◆ **Work item**
Retype the listing below line for line, but only from the line with "Цена: 1099 грн🔥💎" down to the line with "Lundby hundefigur med", inclusive. Pictures stay out.
[Source data]
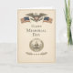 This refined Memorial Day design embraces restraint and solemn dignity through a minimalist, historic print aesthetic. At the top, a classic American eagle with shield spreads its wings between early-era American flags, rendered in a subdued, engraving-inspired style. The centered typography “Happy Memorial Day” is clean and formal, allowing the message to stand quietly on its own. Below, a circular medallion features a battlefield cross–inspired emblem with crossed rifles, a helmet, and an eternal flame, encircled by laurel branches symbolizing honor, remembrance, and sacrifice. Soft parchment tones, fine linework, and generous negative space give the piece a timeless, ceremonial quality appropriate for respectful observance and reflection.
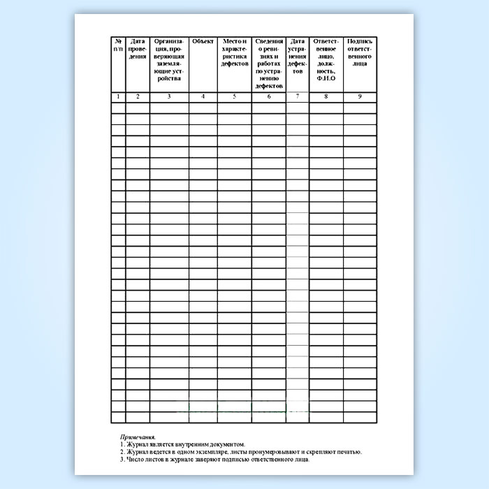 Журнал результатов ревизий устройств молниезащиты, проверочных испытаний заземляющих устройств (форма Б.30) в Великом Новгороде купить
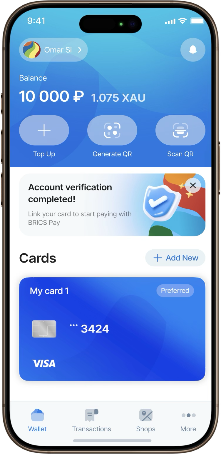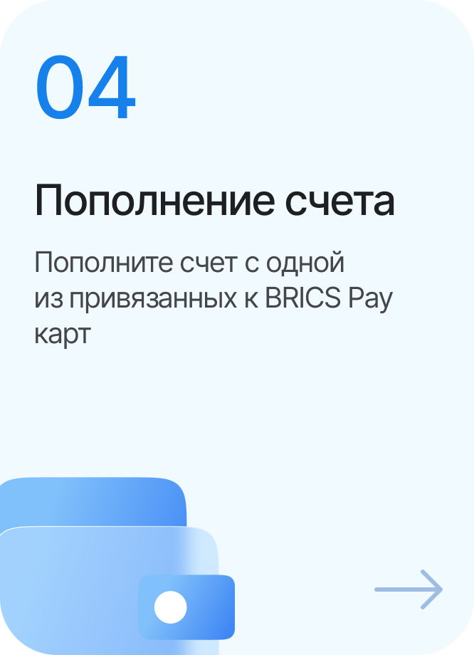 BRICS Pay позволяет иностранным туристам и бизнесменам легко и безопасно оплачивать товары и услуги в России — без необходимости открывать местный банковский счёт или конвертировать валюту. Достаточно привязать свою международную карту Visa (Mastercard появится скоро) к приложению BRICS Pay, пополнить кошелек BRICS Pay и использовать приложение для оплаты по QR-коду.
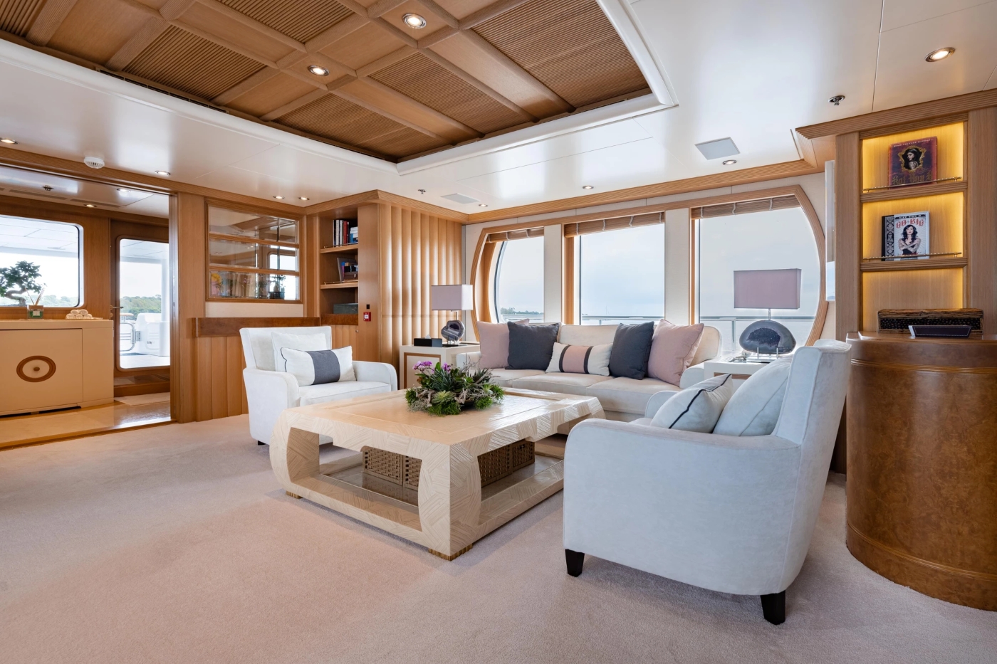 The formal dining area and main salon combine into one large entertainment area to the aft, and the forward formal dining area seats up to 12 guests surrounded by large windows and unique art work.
[/Source data]
[Source data]
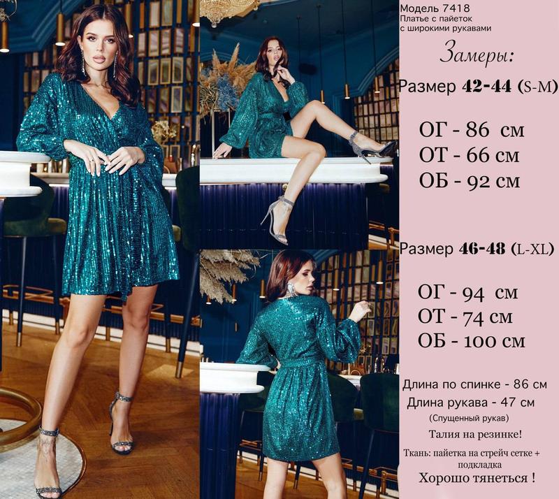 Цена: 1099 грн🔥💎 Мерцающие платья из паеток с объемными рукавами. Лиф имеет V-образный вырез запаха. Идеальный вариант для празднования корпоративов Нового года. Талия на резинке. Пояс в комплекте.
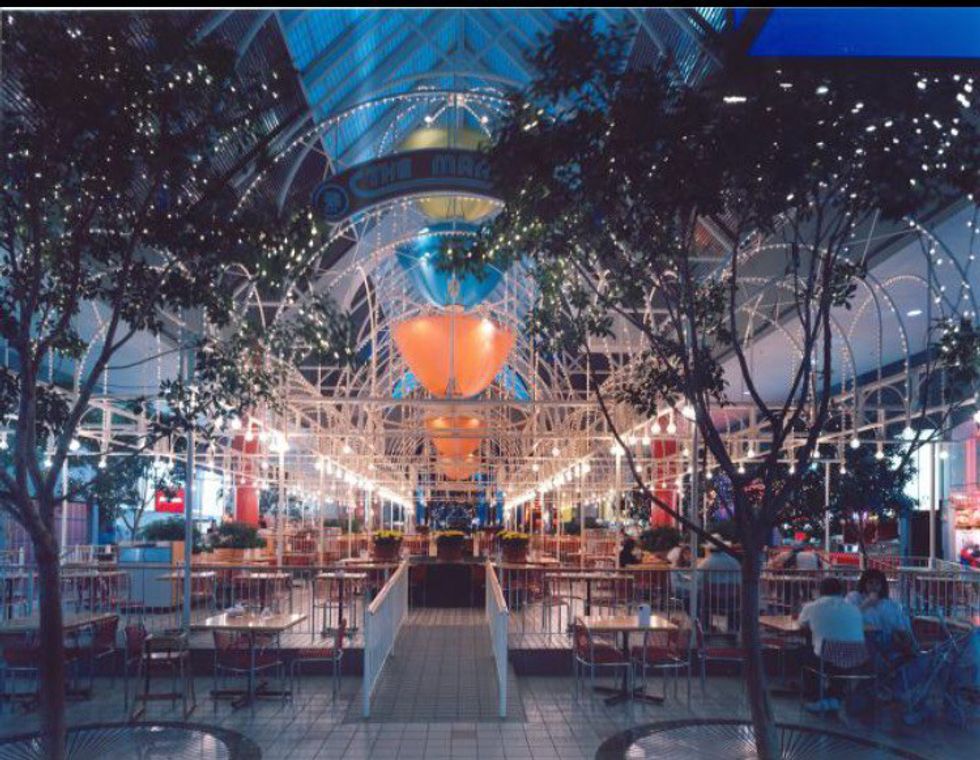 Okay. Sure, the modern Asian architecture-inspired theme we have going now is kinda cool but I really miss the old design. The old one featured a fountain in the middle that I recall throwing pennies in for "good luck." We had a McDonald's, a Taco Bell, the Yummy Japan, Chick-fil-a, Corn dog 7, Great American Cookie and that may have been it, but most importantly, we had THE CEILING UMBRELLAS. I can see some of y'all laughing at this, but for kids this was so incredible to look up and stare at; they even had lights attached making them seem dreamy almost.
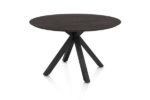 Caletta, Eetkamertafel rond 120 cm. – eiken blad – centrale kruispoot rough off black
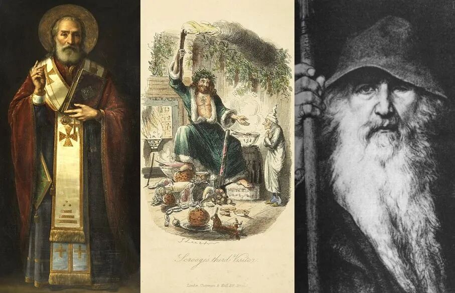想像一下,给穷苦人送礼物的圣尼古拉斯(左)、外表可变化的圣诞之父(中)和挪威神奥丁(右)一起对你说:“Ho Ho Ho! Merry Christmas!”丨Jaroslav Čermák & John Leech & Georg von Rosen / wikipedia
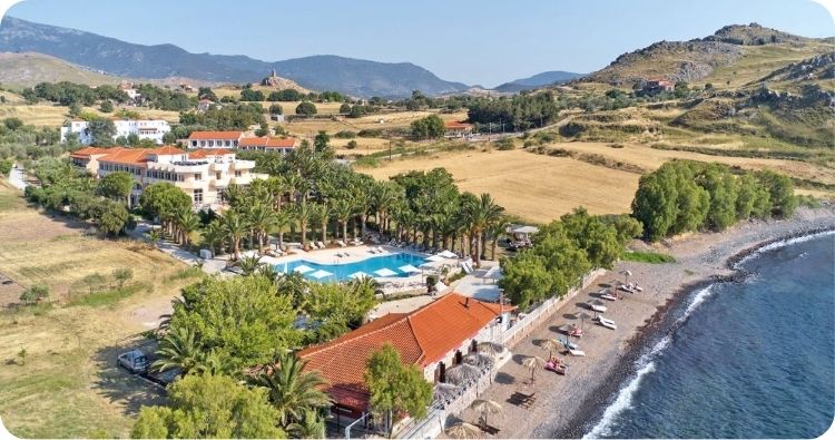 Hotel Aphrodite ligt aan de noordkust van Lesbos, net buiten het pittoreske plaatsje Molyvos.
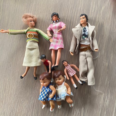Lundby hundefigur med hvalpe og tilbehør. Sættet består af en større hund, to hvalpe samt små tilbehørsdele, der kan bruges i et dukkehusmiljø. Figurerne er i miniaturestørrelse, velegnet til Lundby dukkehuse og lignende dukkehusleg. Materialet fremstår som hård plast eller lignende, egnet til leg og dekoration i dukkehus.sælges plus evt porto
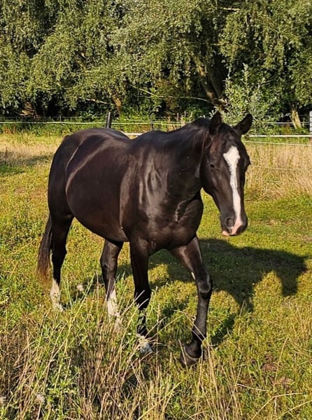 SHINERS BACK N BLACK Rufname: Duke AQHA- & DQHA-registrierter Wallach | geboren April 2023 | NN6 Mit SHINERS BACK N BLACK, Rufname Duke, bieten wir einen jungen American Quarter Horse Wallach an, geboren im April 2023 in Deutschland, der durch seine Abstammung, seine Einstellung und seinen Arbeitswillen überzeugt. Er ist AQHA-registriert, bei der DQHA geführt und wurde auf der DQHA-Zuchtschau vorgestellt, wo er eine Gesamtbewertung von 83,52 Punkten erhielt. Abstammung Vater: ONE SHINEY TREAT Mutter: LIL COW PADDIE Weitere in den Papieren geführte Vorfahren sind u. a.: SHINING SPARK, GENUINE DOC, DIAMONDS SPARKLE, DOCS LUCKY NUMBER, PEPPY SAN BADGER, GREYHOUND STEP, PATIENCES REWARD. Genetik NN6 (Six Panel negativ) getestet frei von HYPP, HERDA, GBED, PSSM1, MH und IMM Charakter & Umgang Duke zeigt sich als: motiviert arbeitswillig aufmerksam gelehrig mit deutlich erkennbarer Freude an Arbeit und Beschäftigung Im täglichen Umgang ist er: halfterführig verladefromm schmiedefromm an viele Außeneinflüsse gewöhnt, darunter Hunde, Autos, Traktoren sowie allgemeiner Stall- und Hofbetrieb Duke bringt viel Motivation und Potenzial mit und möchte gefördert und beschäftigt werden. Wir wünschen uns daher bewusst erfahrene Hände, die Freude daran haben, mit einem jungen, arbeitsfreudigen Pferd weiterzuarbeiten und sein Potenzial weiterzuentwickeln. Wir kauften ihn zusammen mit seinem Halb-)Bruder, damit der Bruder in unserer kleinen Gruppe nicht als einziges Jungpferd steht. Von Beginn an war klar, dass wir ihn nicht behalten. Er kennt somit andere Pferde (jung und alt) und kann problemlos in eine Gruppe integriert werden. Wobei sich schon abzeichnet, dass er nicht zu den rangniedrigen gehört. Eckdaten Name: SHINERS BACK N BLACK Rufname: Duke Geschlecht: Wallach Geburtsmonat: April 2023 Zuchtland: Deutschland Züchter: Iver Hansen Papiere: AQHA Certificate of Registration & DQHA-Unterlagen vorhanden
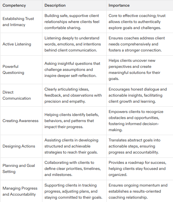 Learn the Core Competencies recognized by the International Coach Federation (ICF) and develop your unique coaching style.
[/Source data]
[Source data]
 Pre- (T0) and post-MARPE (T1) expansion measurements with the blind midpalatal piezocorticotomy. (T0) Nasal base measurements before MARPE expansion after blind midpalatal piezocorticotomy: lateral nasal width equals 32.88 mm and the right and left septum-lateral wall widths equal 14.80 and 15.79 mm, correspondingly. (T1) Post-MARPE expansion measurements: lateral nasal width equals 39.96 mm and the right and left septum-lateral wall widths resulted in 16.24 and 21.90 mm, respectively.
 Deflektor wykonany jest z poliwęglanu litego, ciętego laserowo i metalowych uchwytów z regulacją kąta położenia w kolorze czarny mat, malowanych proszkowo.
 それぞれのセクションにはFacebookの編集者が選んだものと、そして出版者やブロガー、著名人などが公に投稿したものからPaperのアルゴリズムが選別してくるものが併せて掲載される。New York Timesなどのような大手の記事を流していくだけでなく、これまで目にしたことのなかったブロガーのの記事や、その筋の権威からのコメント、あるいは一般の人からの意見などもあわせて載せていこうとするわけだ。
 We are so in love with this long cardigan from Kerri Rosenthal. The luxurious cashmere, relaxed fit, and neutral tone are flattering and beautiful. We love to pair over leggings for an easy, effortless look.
[/Source data]
◆ **Answer area**
 Цена: 1099 грн🔥💎 Мерцающие платья из паеток с объемными рукавами. Лиф имеет V-образный вырез запаха. Идеальный вариант для празднования корпоративов Нового года. Талия на резинке. Пояс в комплекте.
 Okay. Sure, the modern Asian architecture-inspired theme we have going now is kinda cool but I really miss the old design. The old one featured a fountain in the middle that I recall throwing pennies in for "good luck." We had a McDonald's, a Taco Bell, the Yummy Japan, Chick-fil-a, Corn dog 7, Great American Cookie and that may have been it, but most importantly, we had THE CEILING UMBRELLAS. I can see some of y'all laughing at this, but for kids this was so incredible to look up and stare at; they even had lights attached making them seem dreamy almost.
 Caletta, Eetkamertafel rond 120 cm. – eiken blad – centrale kruispoot rough off black
想像一下,给穷苦人送礼物的圣尼古拉斯(左)、外表可变化的圣诞之父(中)和挪威神奥丁(右)一起对你说:“Ho Ho Ho! Merry Christmas!”丨Jaroslav Čermák & John Leech & Georg von Rosen / wikipedia
 Hotel Aphrodite ligt aan de noordkust van Lesbos, net buiten het pittoreske plaatsje Molyvos.
Lundby hundefigur med hvalpe og tilbehør. Sættet består af en større hund, to hvalpe samt små tilbehørsdele, der kan bruges i et dukkehusmiljø. Figurerne er i miniaturestørrelse, velegnet til Lundby dukkehuse og lignende dukkehusleg. Materialet fremstår som hård plast eller lignende, egnet til leg og dekoration i dukkehus.sælges plus evt porto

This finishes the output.